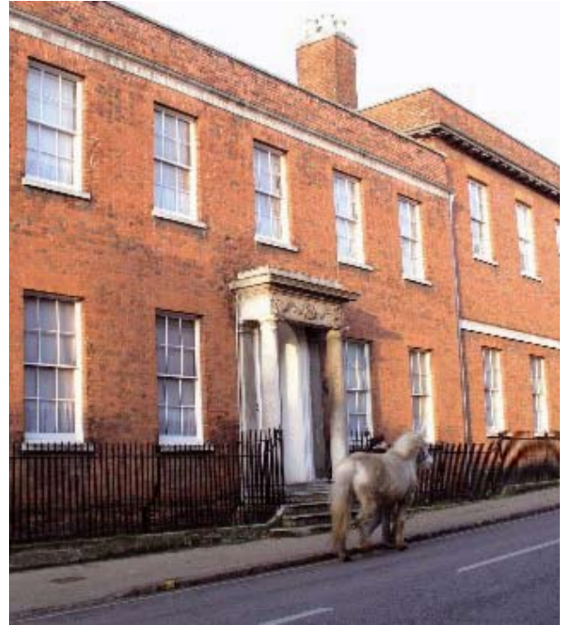
Ossory Thatched Cottages, Rhododendrons - Kings Arms Path Gardens and Avenue House with Pony
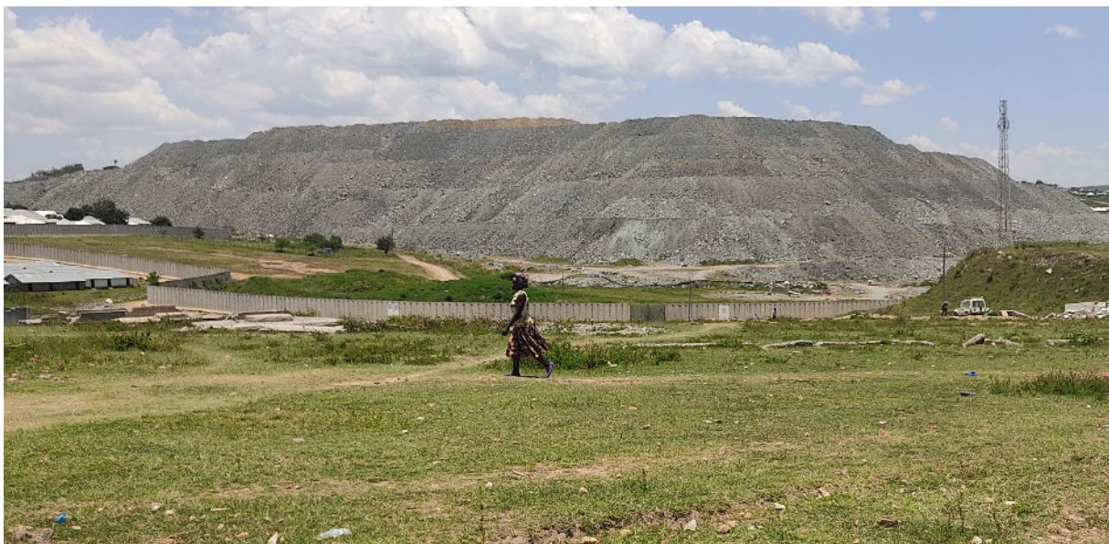
Waste rock from Barrick's North Mara mine forms the backdrop to daily life

These latest incidents bring the reported death toll at the North Mara mine to at least 77 and 304 wounded by police responsible for mine security, most of which occurred after Barrick acquired the mine in 2006. The rising number of killings and assaults ranks Barrick's North Mara mine as one of the deadliest industrial mines in Africa in terms of security-related violence.
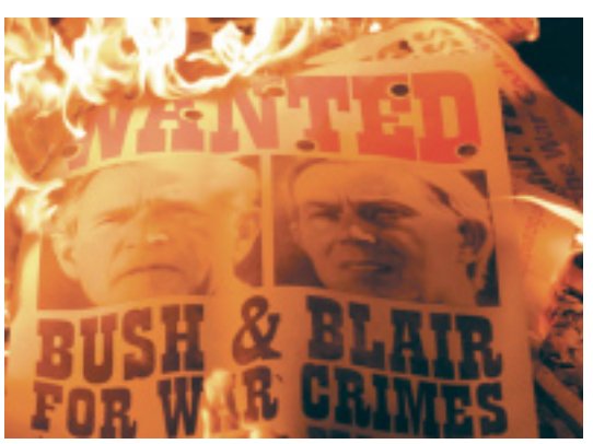
Great Britain, for decades a staunch ally of the United States, has been torn by division over U.S. policy in Iraq, and by conflicting visions of its relationship with Europe.

This ill will, distrust and vilification of America, bubbling up in so many places, is generating a growing isolation of this country from the community of nations. At the United Nations, countries upset by what they consider
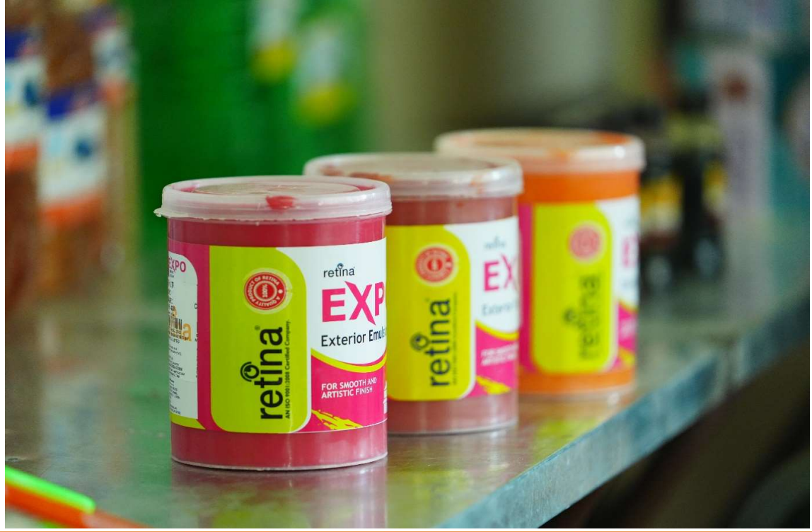
Regd. & Corporate Office : Block # 2, 2<sup>nd</sup> & 3<sup>rd</sup> Floors, Survey No. 184 & 185, Opp : Ganesh Kaman 5<sup>th</sup> Phase, IDA Cherlapally, Hyderabad - 500 051, Medchal Malkajgiri, Telangana, India.

Tel: +91 40 2720 5580 | Mobile: +91 96189 19333 E-mail: info@retinapaints.com | Website: www.retinapaints.com CIN: U24232TG2010PLC071018
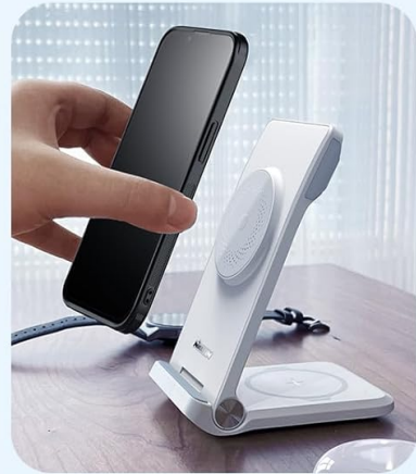
Image 3.1: Illustrates the case's compatibility with MagSafe chargers, wallets, and stands.
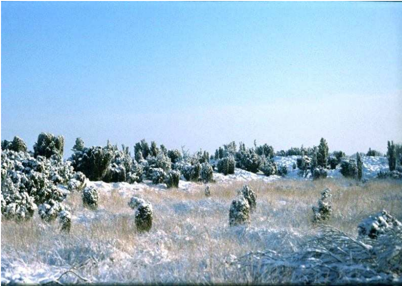
Juniper scrub in Mantingerzand, Drenthe
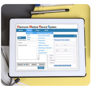
Having your medical records in one place
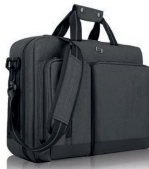
SL31010 - Solo Duane Hybrid Briefcase

*Branding solutions are available for all products.
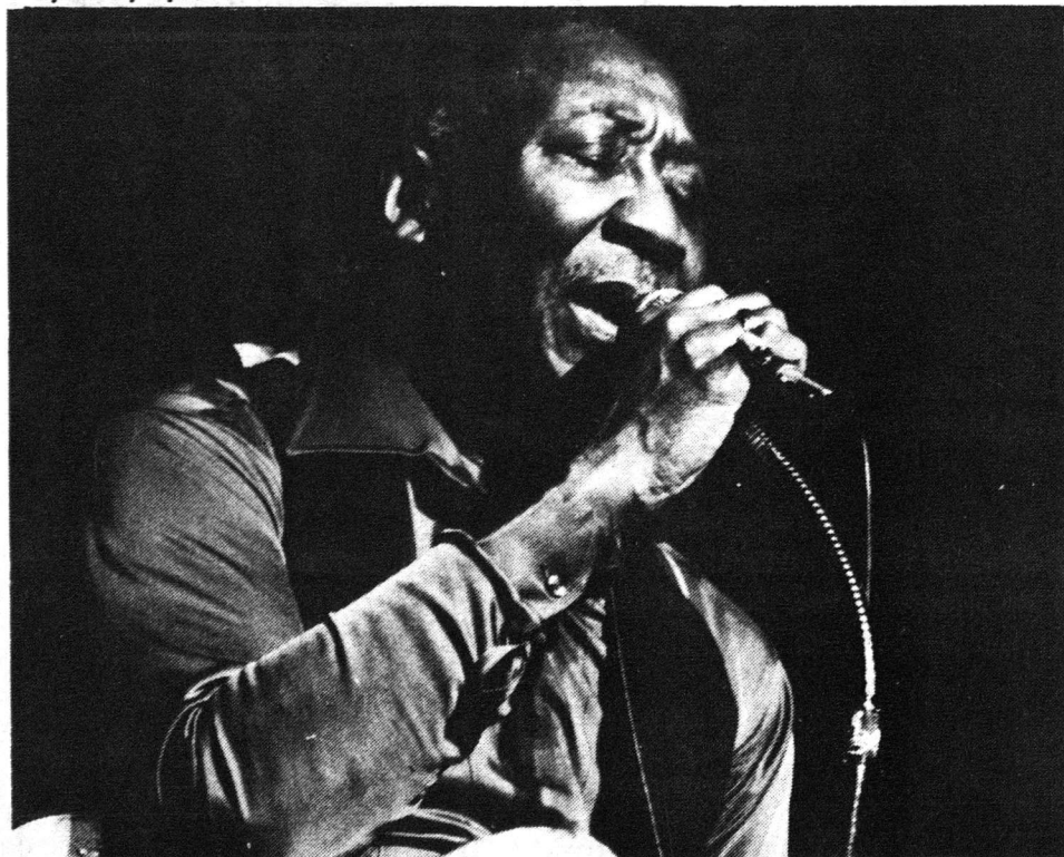
Muddy Waters electrified a SUB audience with Chicago blues.
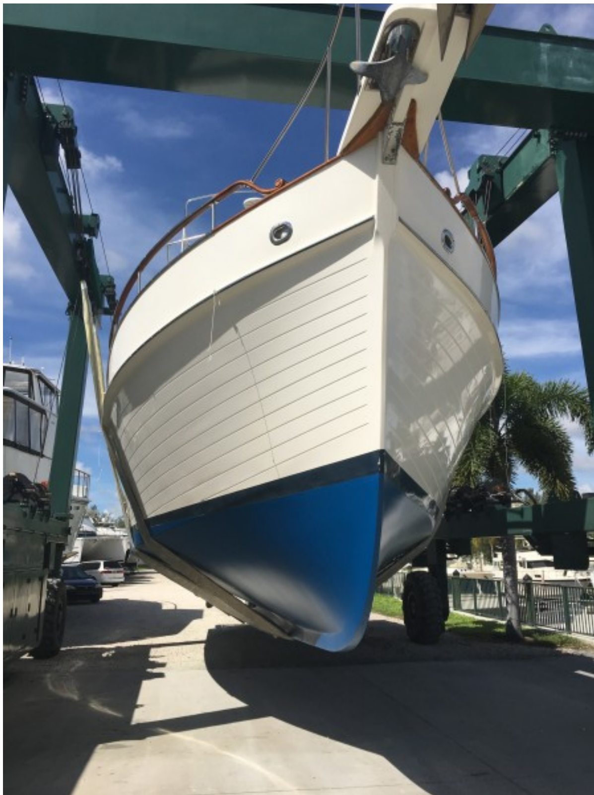
New Bottom Paint And Boot Stripe
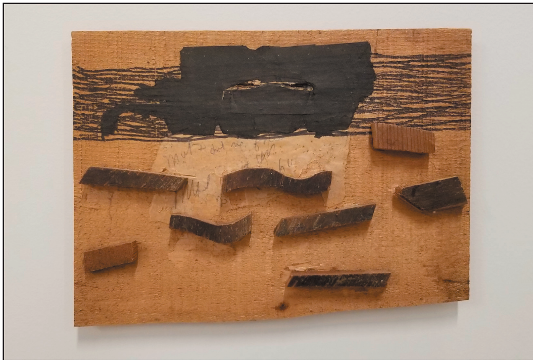
Harbor Wood, paper and ink 7x9x1
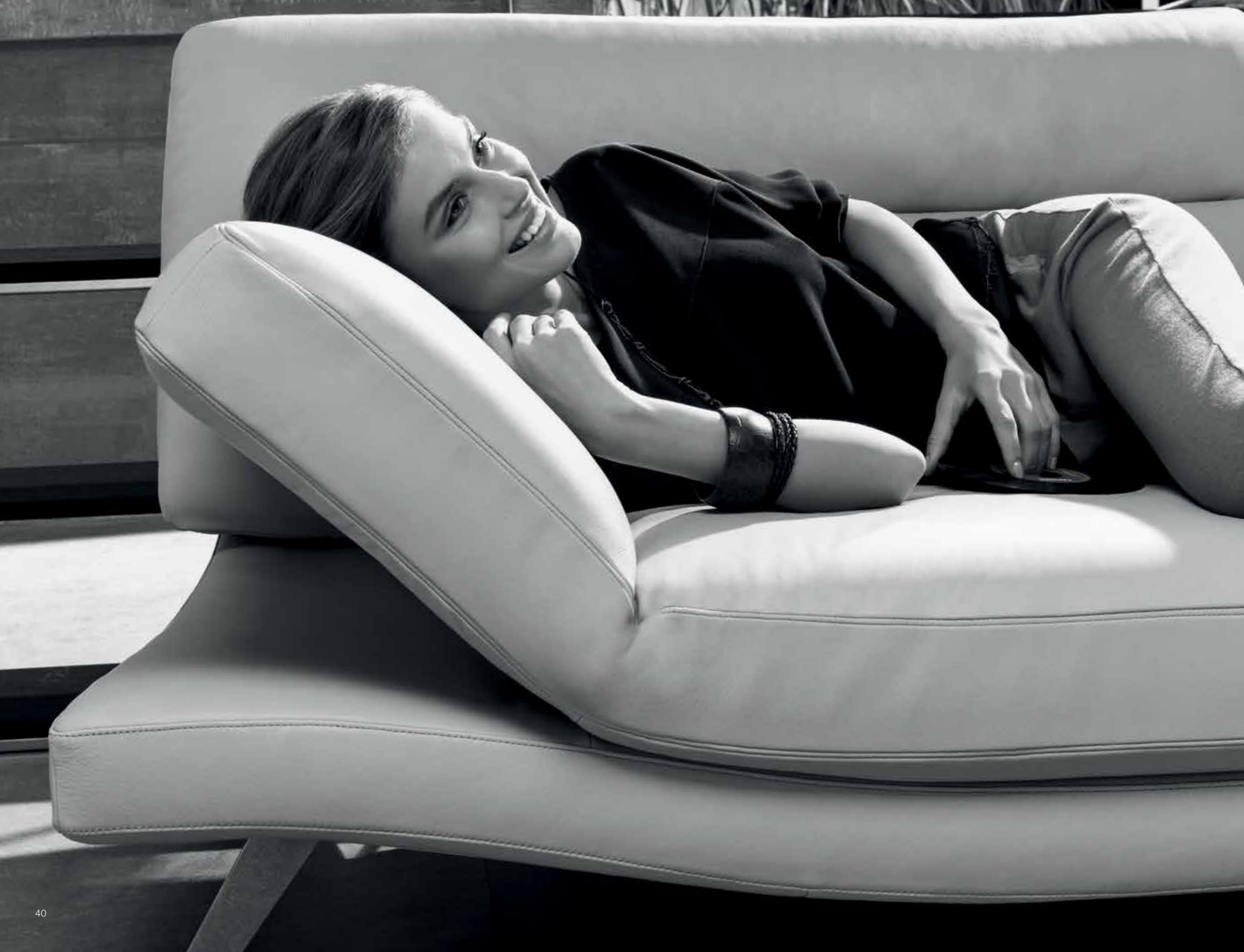
Photo in the previous page: Respiro 3 seater sofa in leather. Novecento wall unit. Gemma table lamp. Cabaret central table and console-bookcase. Cosmo table lamp. Bacco rug.

Photo in this page: Respiro sofa, detail of the armrest.
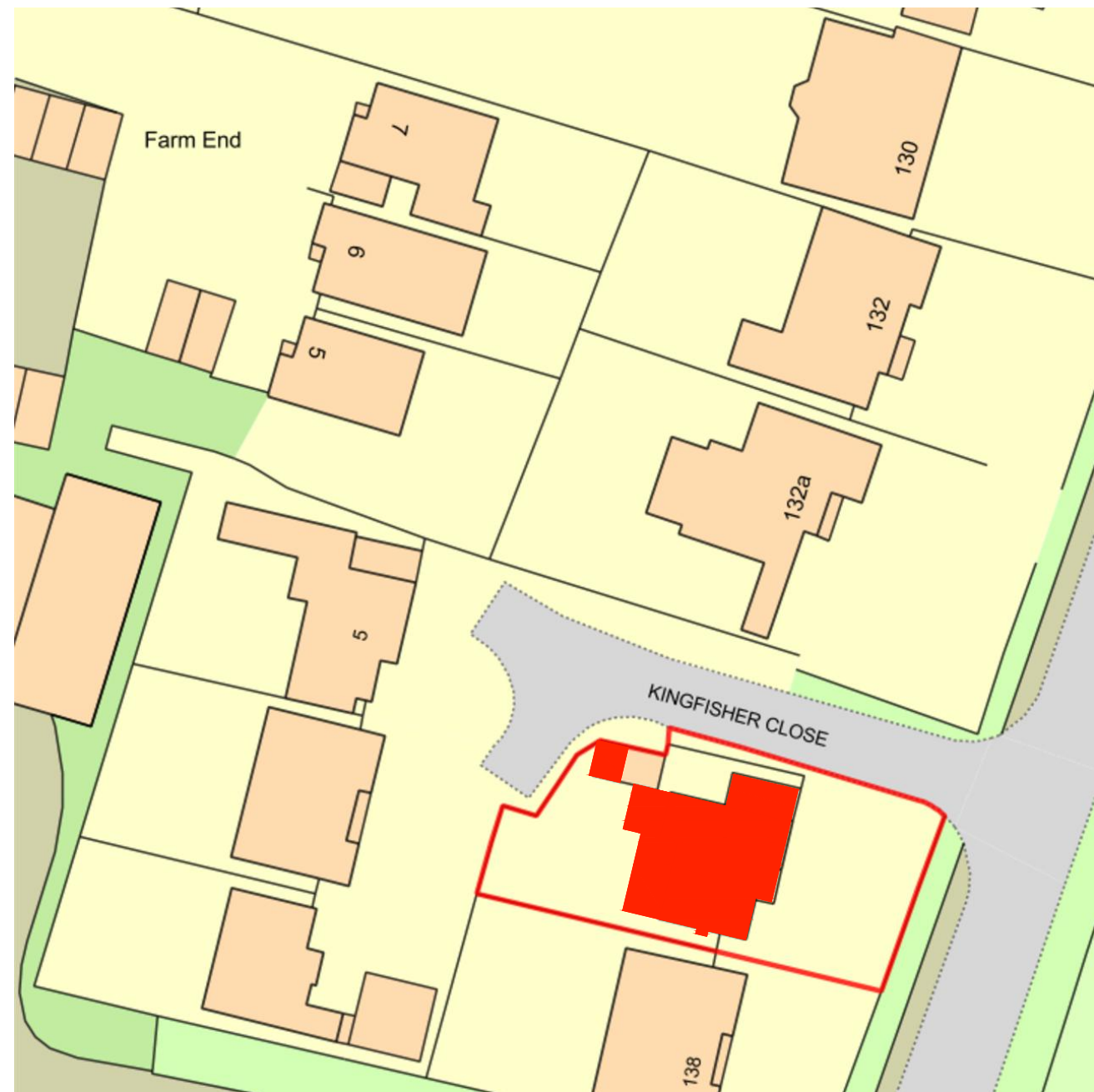
Proposed Block Plan (Scale: 1:500)
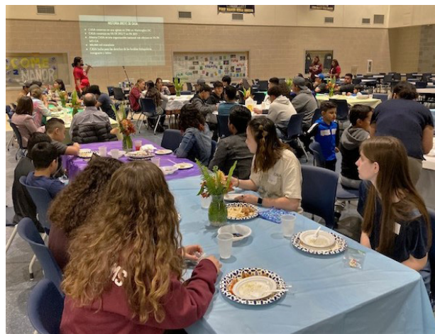
Participants and volunteers listen to a presentation at a Family Fun Night in the cafeteria of Penn Manor High School.
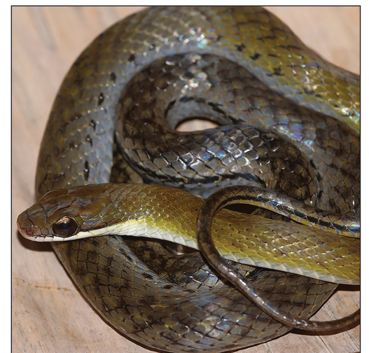
Erythrolamprus pseudoreginae Murphy et al., sp. n.
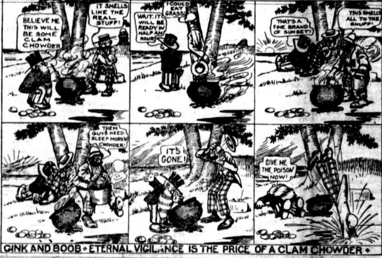
GINK AND BOOB - ETERNAL VIGILANCE IS THE PRICE OF A CLAM CHOWDER
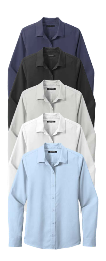
3.3-ounce, 100% polyester

True Navy, Black, Silver, White, Cloud Blue
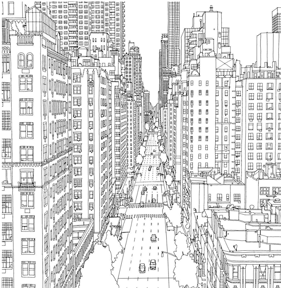
1st Avenue and East 60th Street, Manhattan, New York, United States
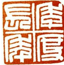
Figure 1: Huang Mufu's seal carving style (Bing, 2012).

Huang Mufu's seal carving style is very much based on the traditional Yishan school of seal art but, of course, pushes beyond that boundary and into modern sensibilities that reflect his personal concept of artistic freedom and individual expression (Bing, 2012). This section goes into specific elements that characterize Huang's work, an account of how each feature was a dialogue between preservation and innovation.
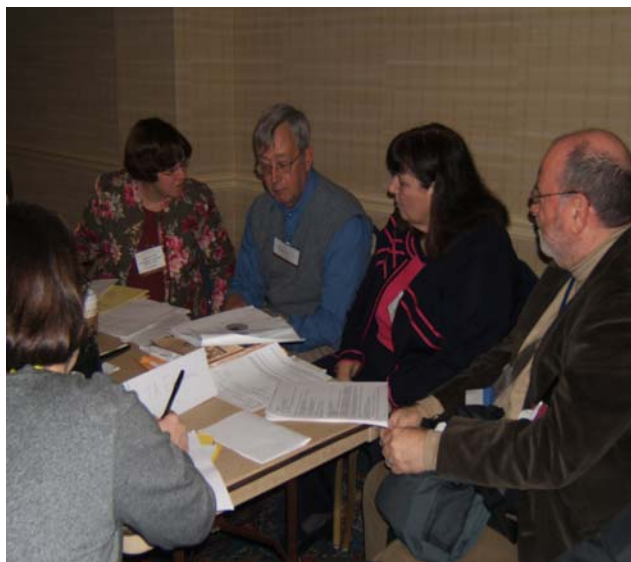
LTA Education Committee Prepares Action Plan
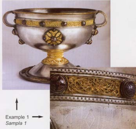
Example 1 Sampla 1
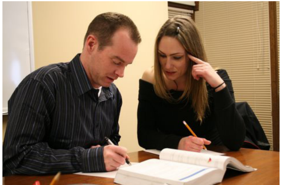
FORMER STUDENTS HELP EACH OTHER STUDY AT THE POST-PRISON EDUCATION PROGRAM OFFICE
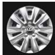
16" Thistle Steel Wheel TL

TASK REQUIREMENTS - Locate the word "Bing" in the entries, and copy every line where it is found.

RESPONSE -
Figure 1: Huang Mufu's seal carving style (Bing, 2012).
Huang Mufu's seal carving style is very much based on the traditional Yishan school of seal art but, of course, pushes beyond that boundary and into modern sensibilities that reflect his personal concept of artistic freedom and individual expression (Bing, 2012). This section goes into specific elements that characterize Huang's work, an account of how each feature was a dialogue between preservation and innovation.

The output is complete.